Abstract

Electrified autonomous mobility-on-demand (E-AMoD) systems will play a crucial role in future cities, which couple the carbon emissions generated by the transportation system and the power system. This paper proposes a joint dispatching framework to facilitate city decarbonization by coordinating the fleet operator and power system operator. Given the substantial differences in spatial and temporal dispatching scales between the two systems, this framework effectively integrates micro vehicle-level service dispatching with macro fleet-level charging scheduling. Firstly, a novel bipartite matching model efficiently solves the short-term passenger serving and rebalancing dispatching at the vehicle level. The service dispatching results are then aggregated as spatial-temporal transition flows across different areas and time intervals. Incorporating these mobility constraints, the long-term charging-discharging scheduling at the fleet level is captured as an expanded network flow model and integrated with the power system dispatching model, which aims at renewable energy utilization and carbon emission mitigation. Finally, the fleet-level scheduling results are disaggregated to the serving-rebalancing-charging sequences of each vehicle, for practical implementation. To validate the proposed framework, numerical experiments are conducted on a large-scale real-world case.
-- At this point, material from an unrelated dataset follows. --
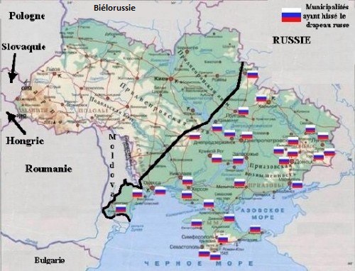 Elle est celle des municipalités qui viennent récemment de hisser le drapeau russe. Le clivage est patent. En gros, région de l’intérieur à l’Ouest et au Nord, pro-occidentale avec complètement à l’Ouest la Galicie paysanne, le foyer de l’ultranationalisme ukrainien et à l’Est, Kiev la capitale. Région liée à la Mer Noire : Est et Sud, pro-russe avec complètement à l’Est le Donbass ouvrier et au plein Sud, le port d’Odessa et la Crimée avec Sébastopol, base navale russe.

Multiple charging schedule scenarios, including heuristic charging, smart charging, and smart charging-discharging, are investigated under both centralized and distributed supplied power systems. (1) The framework proves to be an effective solution for addressing the differences in dispatching spatiotemporal scales, calculation efficiencies, and privacy concerns between power and traffic systems. (2) Through power-traffic coordination, the E-AMoD fleet demonstrates its ability to alleviate 8% of average renewable energy curtailment and reduce nearly 15% of the total emissions in a power system installed with renewable distributed generators. (3) Furthermore, the extent of emission mitigation effects is influenced by critical factors such as fleet size, renewable energy profile, and power system capacity. Overall, the E-AMoD system show great potential as mobile storage devices to provide spatial-temporal flexibility to the power system and contribute to city decarbonization.